USP8 deubiquitinates SQSTM1 mainly at K420. (A) HEK293T cells were transfected with HA-Ub and His-tagged SQSTM1 or SQSTM1K420R mutant with or without USP8-Flag for 48 h. The cells were subjected to pull down using the Ni2+-NTA beads, followed by immunoblotting. (B) HEK293T cells were transfected with HA-K11-linked-Ub and His-tagged SQSTM1 or SQSTM1K420R mutant for 48 h. The cells were subjected to pull down using the Ni2+-NTA beads, followed by immunoblotting. (C) HEK293T cells were transfected with HA-Ub and His-tagged SQSTM1, together with indicated vectors for 48 h. The cells were subjected to pull down using the Ni2+-NTA beads, followed by immunoblotting.

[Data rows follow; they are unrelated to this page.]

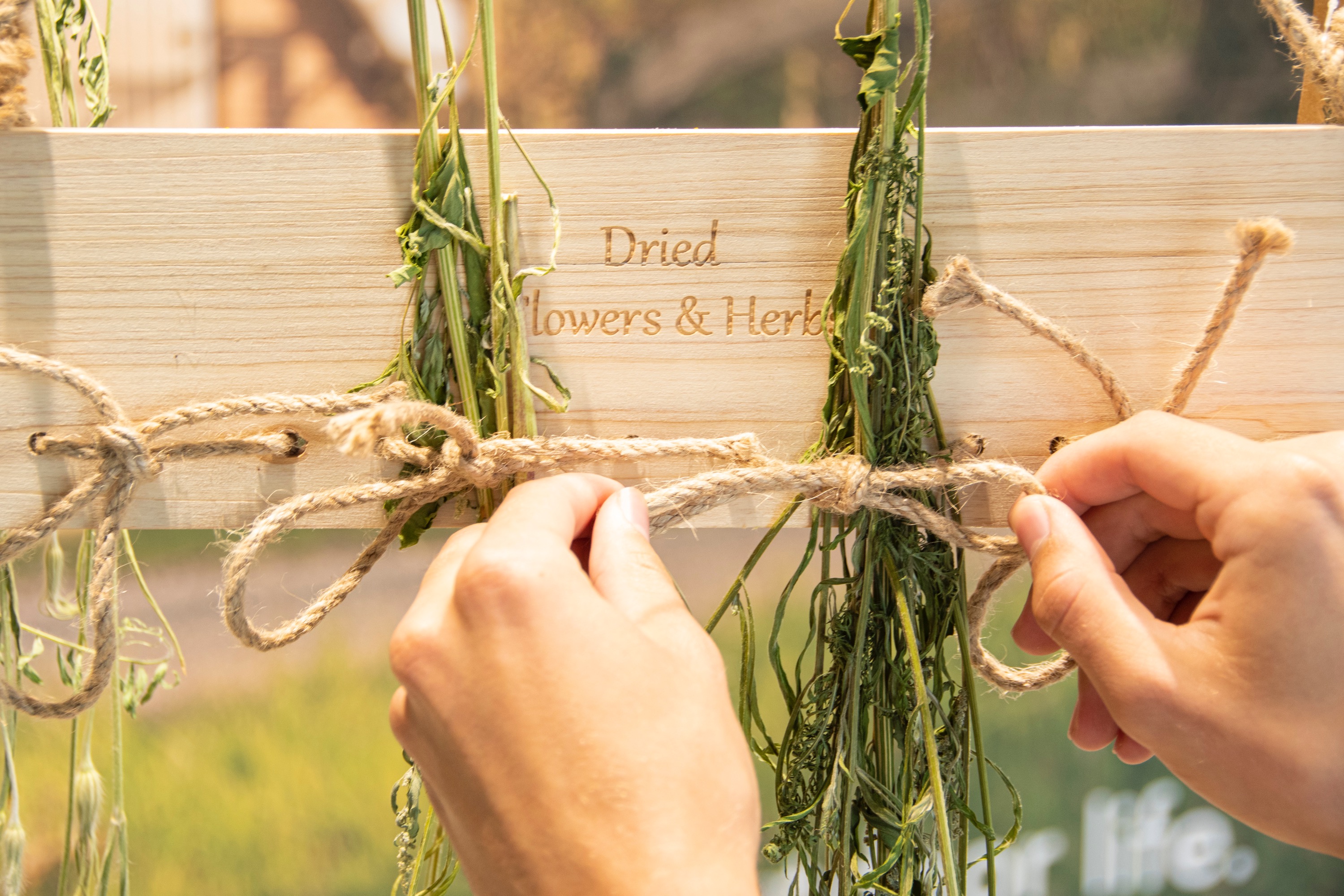 Simply hang the rack on a wall or island overhead, and tie your flowers on with the rope provided.
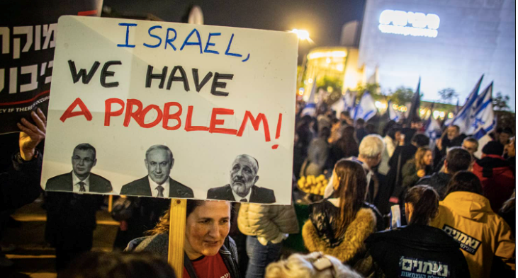 Ocak ayından bu yana sokaklara dökülen insanların çoğu, hükümetin devlet ile vatandaşları arasındaki en temel anlaşmayı ihlal etme yoluna girdiği ve ülkelerinin bir demokrasi olmaktan çıkabileceği inancıyla bunu yaptı. Ancak burada daha derin bir şeyi gözlemliyoruz. Bu sadece İsrail demokrasisinin, ne kadar kusurlu olursa olsun, olası çöküşü değildir. İsrail’in temel kimliğinin, Yahudi ve demokratik bir devlet kimliğinin çözülmesidir.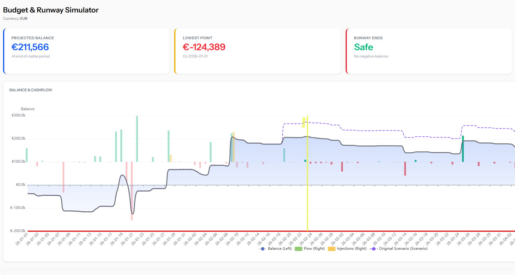 Set an initial balance and record capital injections to anchor projections.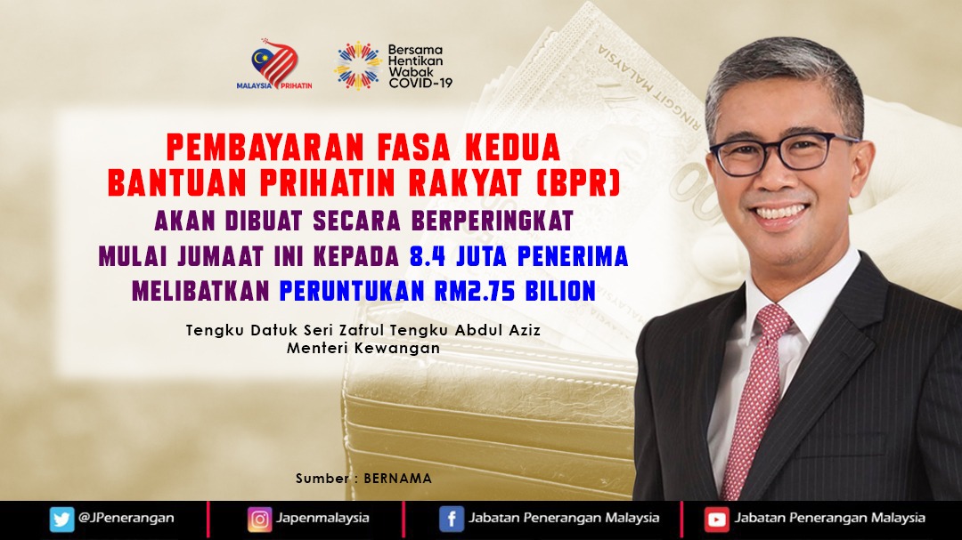 PEMBAYARAN FASA KEDUA BANTUAN PRIHATIN RAKYAT (BPR) AKAN DIBUAT SECARA BERPERINGKAT MULAI JUMAAT INI KEPADA 8.4 JUTA PENERIMA MELIBATKAN PERUNTUKAN RM2.75 BILION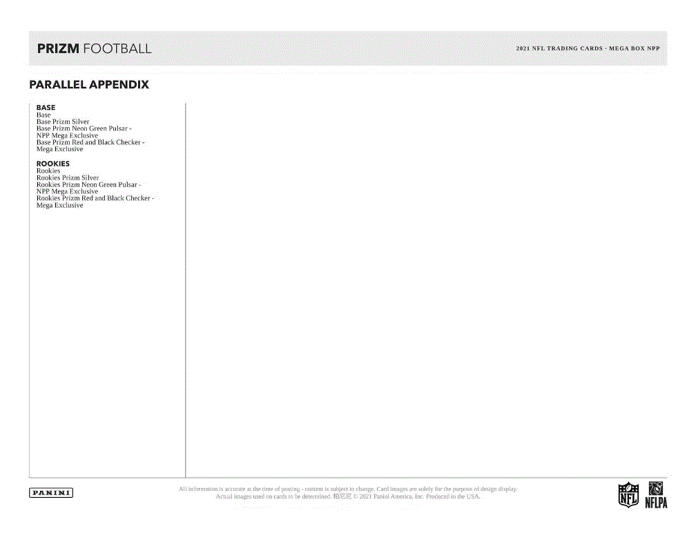 - One of the biggest names in sports cards, 2021 Prizm Football delivers one of the biggest base sets, colorful new parallels, and brand-new inserts. Collectors of all types and ages will find something to love in 2021 Prizm Football.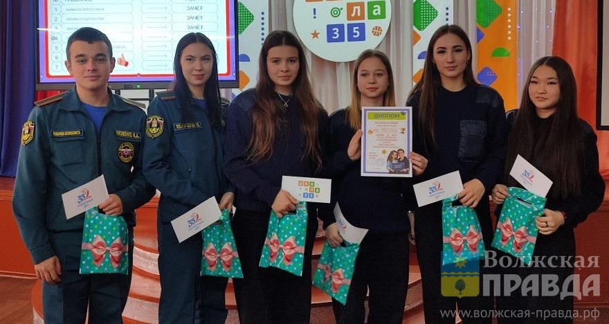 Интеллектуальная игра объединила в актовом зале учебного заведения пять игровых коллективов: команды волжского политехнического и медико-экологического техникумов «ВПТшки» и «МЧС России», команды колледжей Волжского филиала ВолГУ и ВИЭПП «ВП» и «Начальники», и команду старшеклассников 35-й школы «Опять 35!».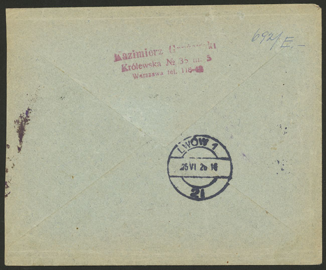 25/JUN/1926 Warszawa - Lwow, airmail cover with special label, arrival backstamp, excellent quality! (Image) (Image-02)
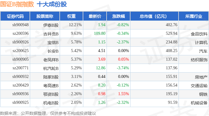 证券之星消息,10月14日,国证B指(399318)指数报收于5351.84点,跌0.67%,成交3.3亿元,换手率0.27%。当日该指数成份股中,上涨的有21家,耀皮B股以4.51%的涨幅领涨,下跌的有45家,杭汽轮B以3.74%的跌幅领跌。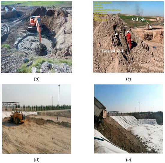 - The treated soil was stored beside the oil pit (Figure 3c) to be backfilled, after reconstructing and lining the pit, and prepared as a construction earth material.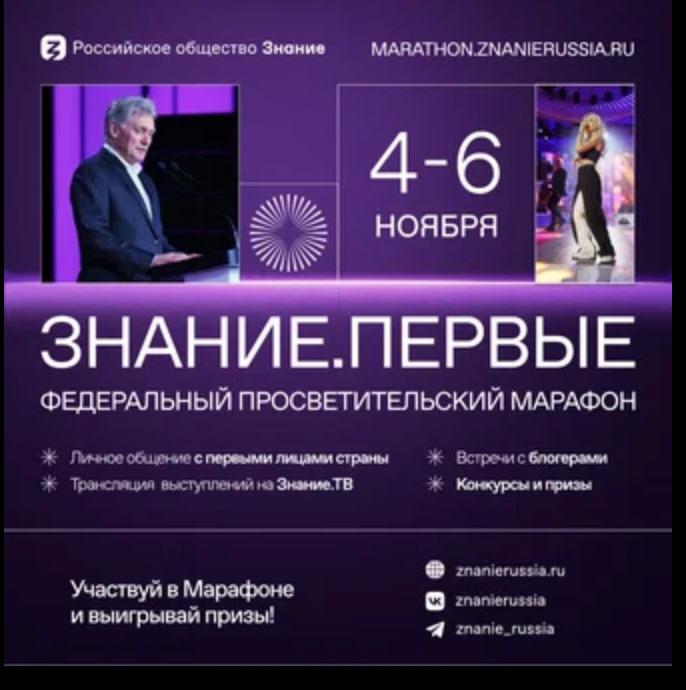 01.11.2023С 4 по 6 ноября 2023 года состоится Федеральный просветительский марафон Российского общества «Знание» — " Знание.Первые". Марафон стартует в день открытия Международной выставки-форума «Россия» на ВДНХ в Москве и будет проходить на шести площадках в разных павильонах.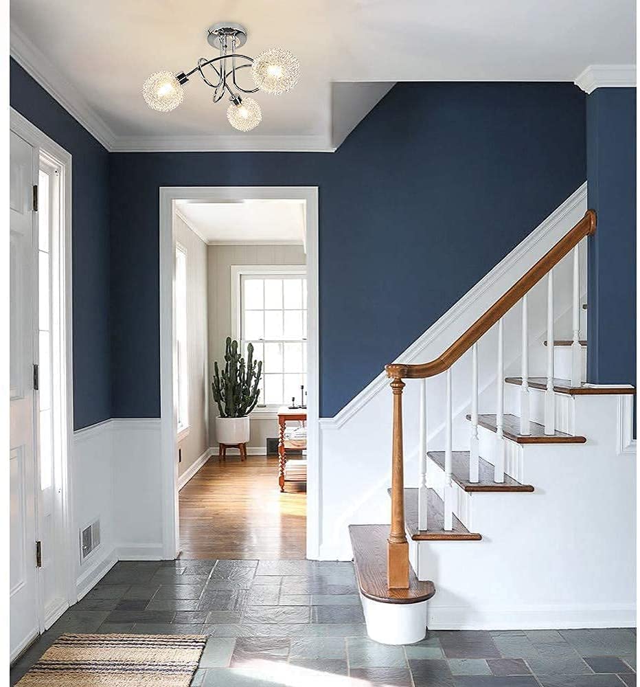 Moderni ja minimalistinen: Tämä puolitasossa asennettava kattovalaisin alumiiniseoksella valmistettu valojalusta, moderni kaareva ristikkäinen valopylväsrakenne ja tyylikkäät kaksoislamppuvarjostimet (lasi- ja verkkolanka) valaisevat kotisi lämmöllä ja korostaa tyyliäsi. Mukauta asuintilasi ja luo mukava tunnelma. Täydellinen keittiöön, olohuoneeseen, makuuhuoneeseen, hotelleihin, vaateliikkeisiin, eteiseen, eteiseen ja niin edelleen.

USP8 knockdown promotes the autophagic degradation of SQSTM1
Ubiquitination of SQSTM1 at K420 has been reported to enhance the sequestering activity and autophagic degradation of SQSTM1 [18,22]. As we have reported above, USP8 deubiquitinated SQSTM1 at the K420 residue. We reasoned that USP8 may regulate the autophagic degradation of SQSTM1. We first examined the effect of USP8 overexpression on SQSTM1 protein abundance. As shown in Figure 5A, overexpression of USP8, but not the USP8C786A mutant, increased the levels of endogenous SQSTM1 protein in HEK293T cells. Furthermore, knockdown of endogenous Usp8 in MEFs significantly reduced SQSTM1 protein expression (Figure 5B). The similar results were observed in 2 other mammalian cell lines (Fig. S3A). We also measured the effect of USP8 on the half-life of endogenous SQSTM1 protein. We treated scramble or Usp8-knockdown MEFs with a protein synthesis inhibitor cycloheximide (CHX). Knockdown of Usp8 remarkably shortened the half-time of SQSTM1 protein in MEF cells (Fig. S3B), demonstrating a critical role of USP8 in maintaining the stability of SQSTM1 protein. SQSTM1 degradation is mediated mainly through autophagy; therefore, disruption of autophagy pathway results in accumulation of SQSTM1 protein in cells. As expected, treatment with BafA1 increased SQSTM1 protein level in MEFs (Figure 5C). Interestingly, as incubating time increased, BafA1 treatment up-regulated SQSTM1 protein in Usp8-knockdown MEFs to the similar level as in control cells (Figure 5C). Finally, we found that Usp8 knockdown did not lead to the reduction of SQSTM1 protein levels in atg7−/- MEFs, which are deficient in autophagy (Figure 5D). Taken together, these results demonstrate that USP8 protects SQSTM1 from autophagic degradation.
Figure 5.
Knockdown of USP8 promotes autophagic degradation of SQSTM1. (A) Overexpression of wild-type USP8, but not its catalytic inactive mutant, enhanced the protein level of SQSTM1 in HEK293T cells. (B) Immunoblotting of SQSTM1 and USP8 protein in scramble (scr) or shUsp8-infected MEFs. (C) Immunoblotting of SQSTM1 protein in scr or shUsp8-infected MEFs treated with 200nM BafA1 for indicated times. (D) Immunoblotting of SQSTM1 in scramble (scr) or shUsp8-infected wild-type and atg7−/- MEFs.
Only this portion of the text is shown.